Impact will also stem from major publications in high-profile peer-reviewed journals; invitations to disseminate data at conferences both home and abroad; from our long standing collaboration with National Health Service Blood & Transplant (NHSBT) in Bristol, Oxford and Cambridge, presenting data at research seminars and at the annual NHSBT R&D conference; the influence of research findings on the academic and industrial sector for understanding of the aetiology of human disease; formation of new national and international academic and health institute collaborations in order to exploit the acquired information; further funding applications.
Impact for the appointed post-doctoral researchers and academic lead will be in skills enhancement and career progression. The former will receive high-class training in multi-disciplinary research, essential for modern medically orientated research in academia, healthcare or industry along with experience gained in running a successful research lab, perform collaborative research and disseminating research findings in written and oral formats.

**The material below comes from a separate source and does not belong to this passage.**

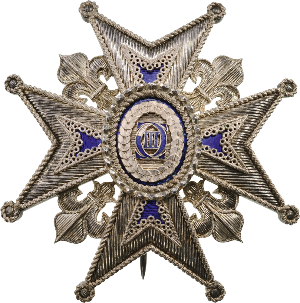 Numerary Commander’s Star. Breast Star, 59x57 mm., Silver cross flanked by fleurs-de-lys, engraved and chiselled imitating the embroidery, the arms with blue enameled details, oval centre medallion with the blue enameled monogram “C” within an oval of chiselled silver “sequines”, diamond-cut chiselled silver outer circlet, the reverse with convex counter-medallion, vertical, round pin. An attractive, curious and rare star of slightly reduced size, from the late 19th Century, extremely fine condition. I R!
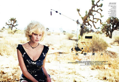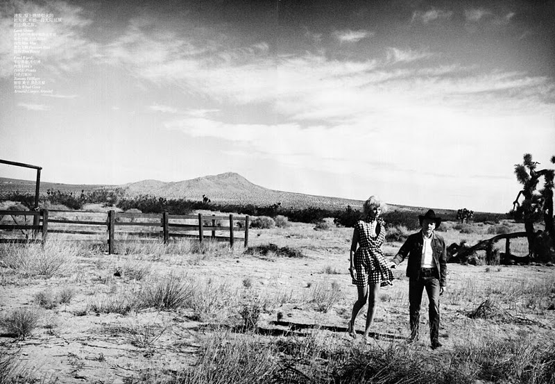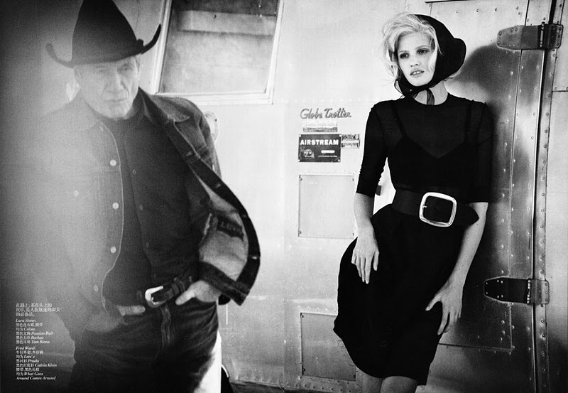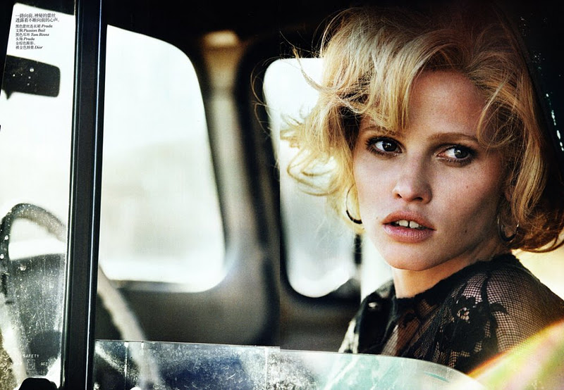 Modern Marilyn – Lara Stone channels iconic blonde bombshell, Marilyn Monroe, for the January issue of Vogue China. In front of Peter Lindbergh’s lens, Lara takes a cinematic trip with actor Fred Ward in form-fitting dresses and lingerie selected by fashion editor Nicoletta Santoro. Wearing designs from the likes of Marni, Miu Miu and Nina Ricci; the Dutch beauty wows with lush curls by Shon and smokey eyes by Stéphane Marais.

Impact on the wider community of young researchers will incur by our continued commitment to the training of international and national postgraduate students, undergraduate and sixth form pupils. We also anticipate considerable impact generated through collaborative links already established nationally and internationally, and with project partners Prof Hughes and Bieker who have distinct areas of expertise, their groups and institutes.